Kanana: Compute-efficient Bilingual Language Models (2502.18934v3)

Published 26 Feb 2025 in cs.CL and cs.LG

Abstract: We introduce Kanana, a series of bilingual LLMs that demonstrate exceeding performance in Korean and competitive performance in English. The computational cost of Kanana is significantly lower than that of state-of-the-art models of similar size. The report details the techniques employed during pre-training to achieve compute-efficient yet competitive models, including high quality data filtering, staged pre-training, depth up-scaling, and pruning and distillation. Furthermore, the report outlines the methodologies utilized during the post-training of the Kanana models, encompassing supervised fine-tuning and preference optimization, aimed at enhancing their capability for seamless interaction with users. Lastly, the report elaborates on plausible approaches used for LLM adaptation to specific scenarios, such as embedding, retrieval augmented generation, and function calling. The Kanana model series spans from 2.1B to 32.5B parameters with 2.1B models (base, instruct, embedding) publicly released to promote research on Korean LLMs.

Summary

The paper introduces Kanana, bilingual models achieving over 11% compute savings in pre-training through staged training, up-scaling, and iterative pruning techniques.
Kanana uses rigorously filtered bilingual datasets to achieve competitive performance on benchmarks like MMLU, KMMLU, and HAE-RAE, demonstrating particular strength in Korean-specific tasks.
Kanana utilizes a comprehensive post-training pipeline, including SFT and preference optimization, for robust performance across diverse NLP applications and domain-specific tasks.

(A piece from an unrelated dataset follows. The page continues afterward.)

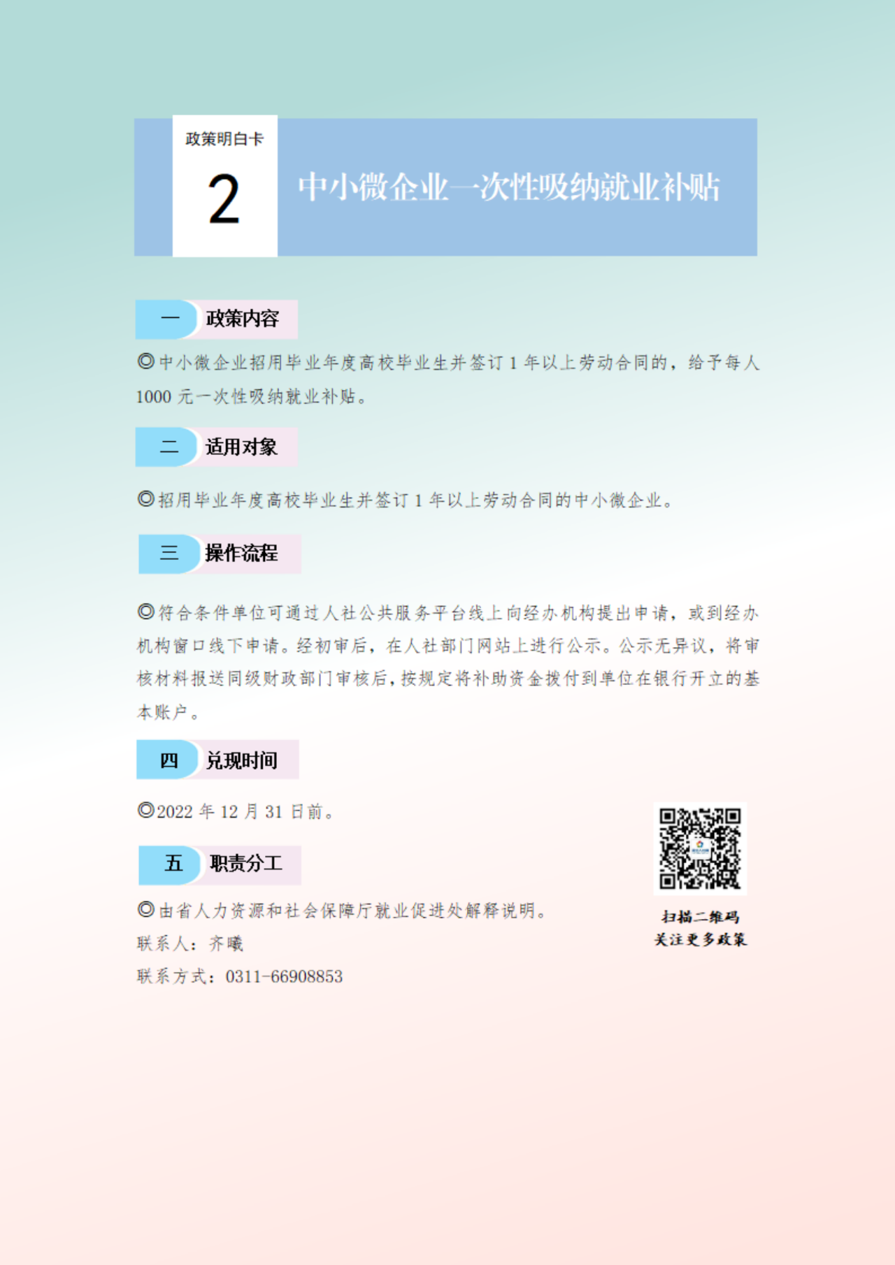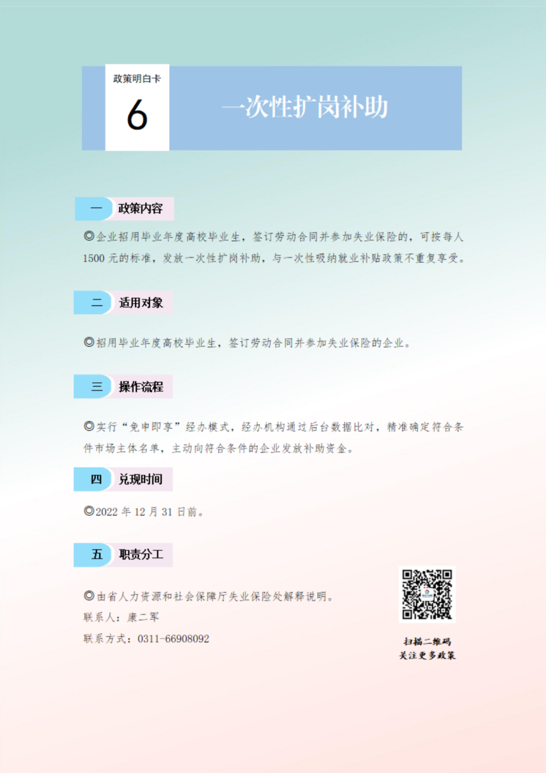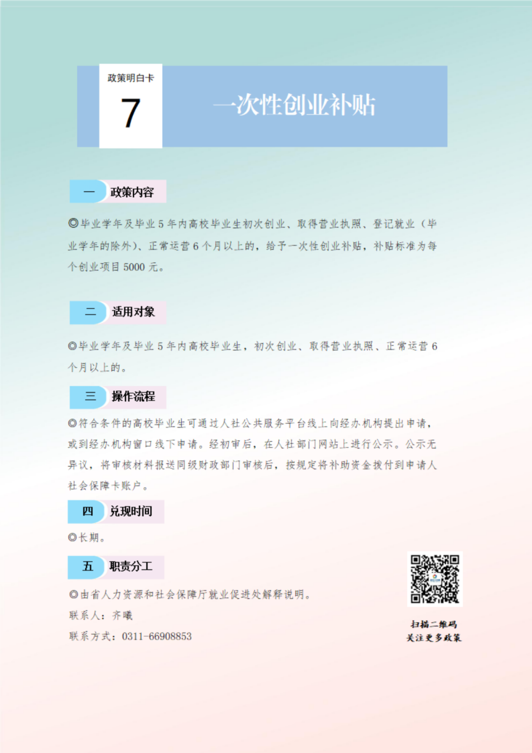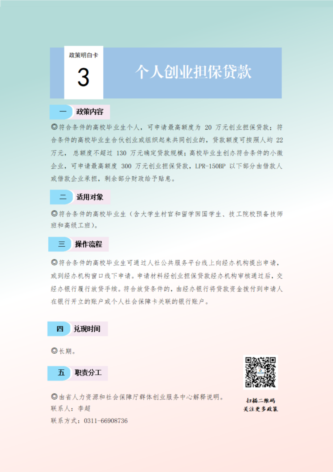 河北省《促进高校毕业生等青年就业创业政策明白卡》来了

This paper presents Kanana, a bilingual LLM family that emphasizes compute efficiency through innovative training and adaptation techniques.

It reduces pre-training compute by employing staged pre-training, depth up-scaling, and iterative pruning/distillation, saving over 11% of resources compared to training from scratch.
It leverages rigorously filtered bilingual datasets to achieve competitive performance on benchmarks such as MMLU, KMMLU, and HAE-RAE while excelling in Korean-specific tasks.
Its comprehensive post-training pipeline—including supervised fine-tuning, offline and online preference optimization, and domain-specific adaptations for embedding, retrieval, and function calling—ensures robust performance across diverse NLP applications.